_WORK INSTRUCTIONS_: Copy the first line of the entries below and every line after it through the line containing "Здравствуйте, дорогие читатели!". Do not include pictures.
[AVAILABLE DATA Boundary: Start]
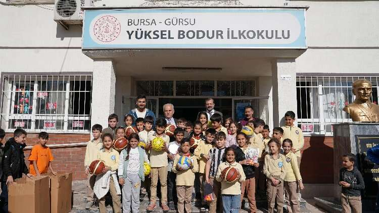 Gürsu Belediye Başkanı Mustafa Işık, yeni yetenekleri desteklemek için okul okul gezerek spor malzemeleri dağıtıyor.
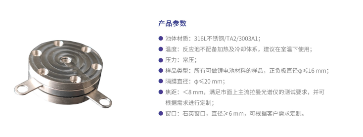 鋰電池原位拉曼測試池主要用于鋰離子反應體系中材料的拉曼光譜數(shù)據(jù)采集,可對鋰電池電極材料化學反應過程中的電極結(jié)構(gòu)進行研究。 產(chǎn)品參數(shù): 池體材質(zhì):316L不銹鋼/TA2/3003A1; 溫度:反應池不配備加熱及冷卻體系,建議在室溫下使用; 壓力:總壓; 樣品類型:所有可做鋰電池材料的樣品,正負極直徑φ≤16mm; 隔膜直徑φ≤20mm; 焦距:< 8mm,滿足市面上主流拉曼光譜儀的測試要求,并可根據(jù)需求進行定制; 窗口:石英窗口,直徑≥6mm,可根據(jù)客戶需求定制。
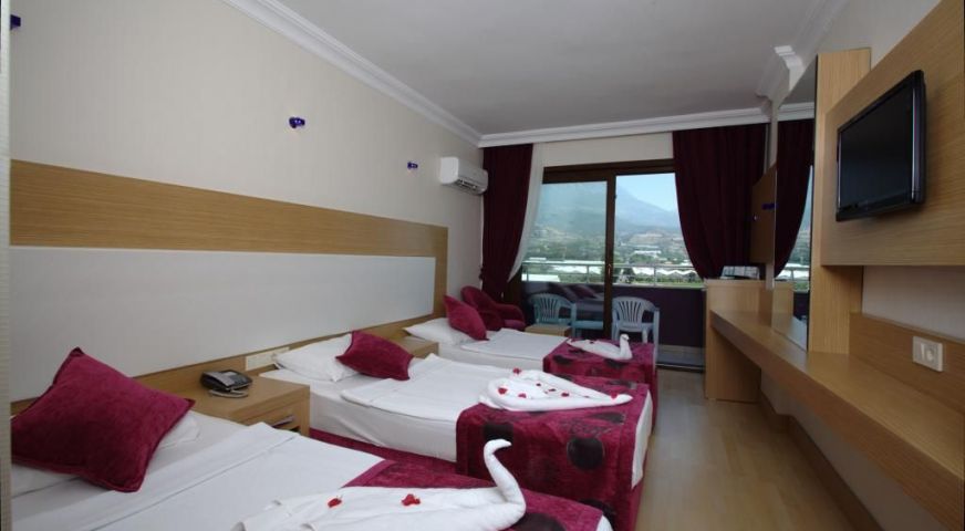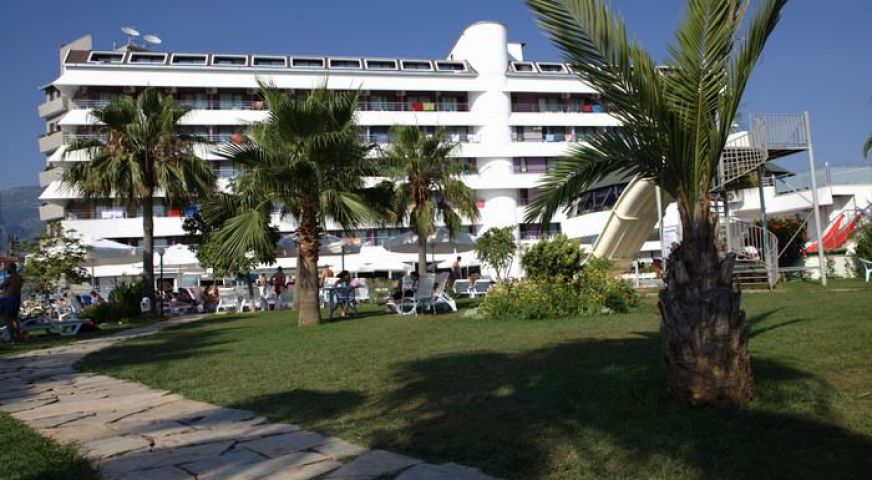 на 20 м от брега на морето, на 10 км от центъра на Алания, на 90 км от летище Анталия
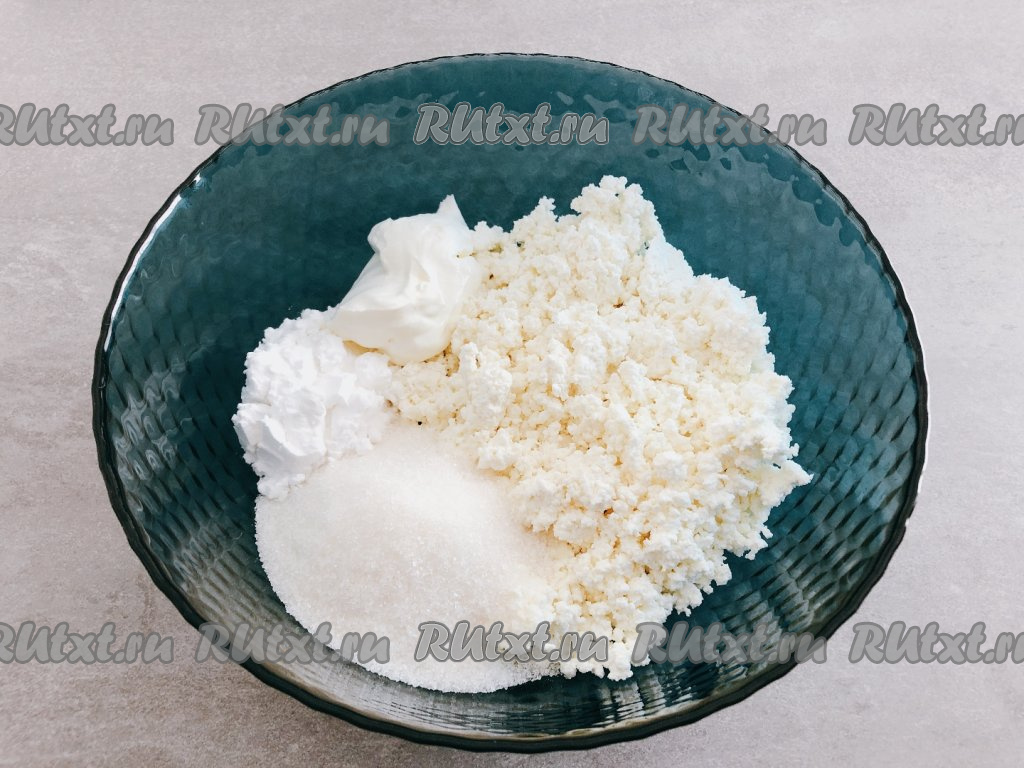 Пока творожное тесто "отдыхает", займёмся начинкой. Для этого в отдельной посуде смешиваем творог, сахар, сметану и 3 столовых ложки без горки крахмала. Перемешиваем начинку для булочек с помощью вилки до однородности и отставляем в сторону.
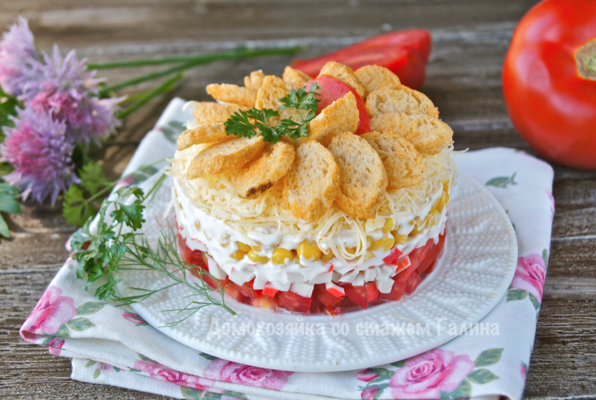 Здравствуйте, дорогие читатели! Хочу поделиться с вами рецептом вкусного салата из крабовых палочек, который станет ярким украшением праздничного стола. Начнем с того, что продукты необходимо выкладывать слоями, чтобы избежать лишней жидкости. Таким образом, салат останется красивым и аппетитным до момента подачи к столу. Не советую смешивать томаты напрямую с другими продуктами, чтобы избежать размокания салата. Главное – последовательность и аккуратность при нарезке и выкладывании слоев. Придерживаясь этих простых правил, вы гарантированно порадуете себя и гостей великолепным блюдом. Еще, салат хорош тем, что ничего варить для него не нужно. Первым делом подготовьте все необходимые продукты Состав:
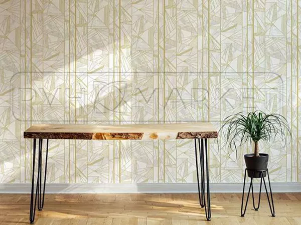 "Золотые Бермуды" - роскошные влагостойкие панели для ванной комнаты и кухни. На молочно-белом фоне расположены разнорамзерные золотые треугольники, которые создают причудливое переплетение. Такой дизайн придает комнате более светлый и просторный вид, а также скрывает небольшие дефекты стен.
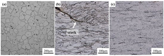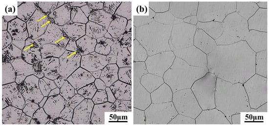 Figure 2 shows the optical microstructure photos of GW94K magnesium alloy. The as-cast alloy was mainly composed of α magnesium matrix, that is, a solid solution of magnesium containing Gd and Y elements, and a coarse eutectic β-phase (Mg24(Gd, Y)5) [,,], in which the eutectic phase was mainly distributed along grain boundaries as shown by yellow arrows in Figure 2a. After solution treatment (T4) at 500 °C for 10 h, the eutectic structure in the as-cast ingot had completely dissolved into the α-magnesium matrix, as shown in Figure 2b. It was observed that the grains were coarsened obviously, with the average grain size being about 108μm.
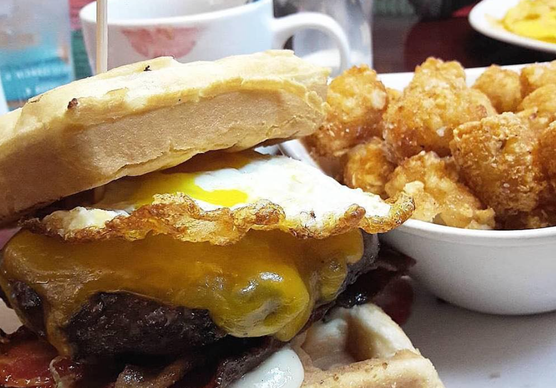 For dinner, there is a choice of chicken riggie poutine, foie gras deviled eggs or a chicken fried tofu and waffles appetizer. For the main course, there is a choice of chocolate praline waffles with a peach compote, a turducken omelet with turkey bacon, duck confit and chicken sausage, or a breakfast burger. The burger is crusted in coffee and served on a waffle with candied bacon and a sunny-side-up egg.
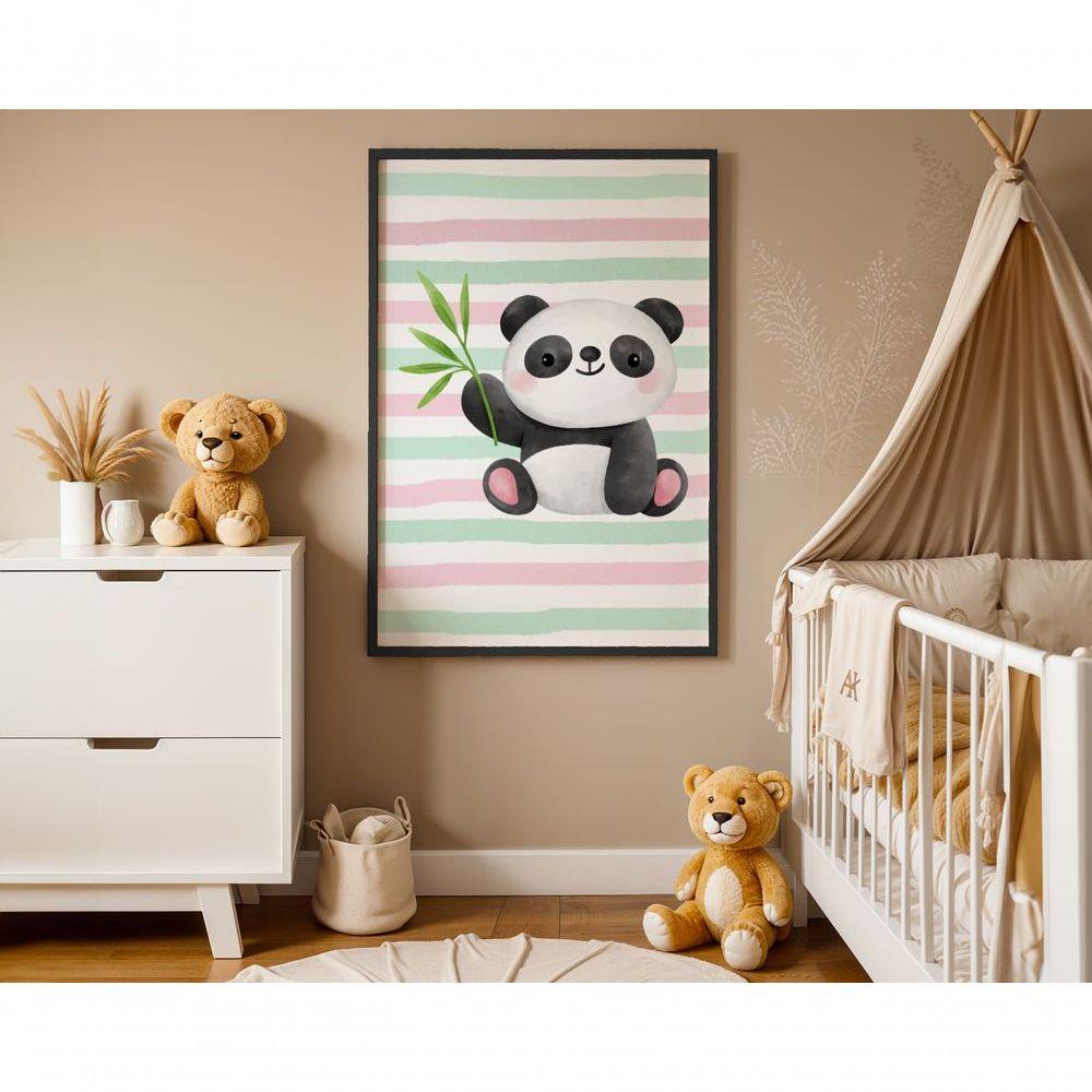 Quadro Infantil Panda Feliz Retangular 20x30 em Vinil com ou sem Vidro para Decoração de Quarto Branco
[AVAILABLE DATA Boundary: End]
_WRITTEN REPLY_:
 Gürsu Belediye Başkanı Mustafa Işık, yeni yetenekleri desteklemek için okul okul gezerek spor malzemeleri dağıtıyor.
 鋰電池原位拉曼測試池主要用于鋰離子反應體系中材料的拉曼光譜數(shù)據(jù)采集,可對鋰電池電極材料化學反應過程中的電極結(jié)構(gòu)進行研究。 產(chǎn)品參數(shù): 池體材質(zhì):316L不銹鋼/TA2/3003A1; 溫度:反應池不配備加熱及冷卻體系,建議在室溫下使用; 壓力:總壓; 樣品類型:所有可做鋰電池材料的樣品,正負極直徑φ≤16mm; 隔膜直徑φ≤20mm; 焦距:< 8mm,滿足市面上主流拉曼光譜儀的測試要求,并可根據(jù)需求進行定制; 窗口:石英窗口,直徑≥6mm,可根據(jù)客戶需求定制。
 на 20 м от брега на морето, на 10 км от центъра на Алания, на 90 км от летище Анталия
 Пока творожное тесто "отдыхает", займёмся начинкой. Для этого в отдельной посуде смешиваем творог, сахар, сметану и 3 столовых ложки без горки крахмала. Перемешиваем начинку для булочек с помощью вилки до однородности и отставляем в сторону.
 Здравствуйте, дорогие читатели! Хочу поделиться с вами рецептом вкусного салата из крабовых палочек, который станет ярким украшением праздничного стола. Начнем с того, что продукты необходимо выкладывать слоями, чтобы избежать лишней жидкости. Таким образом, салат останется красивым и аппетитным до момента подачи к столу. Не советую смешивать томаты напрямую с другими продуктами, чтобы избежать размокания салата. Главное – последовательность и аккуратность при нарезке и выкладывании слоев. Придерживаясь этих простых правил, вы гарантированно порадуете себя и гостей великолепным блюдом. Еще, салат хорош тем, что ничего варить для него не нужно. Первым делом подготовьте все необходимые продукты Состав:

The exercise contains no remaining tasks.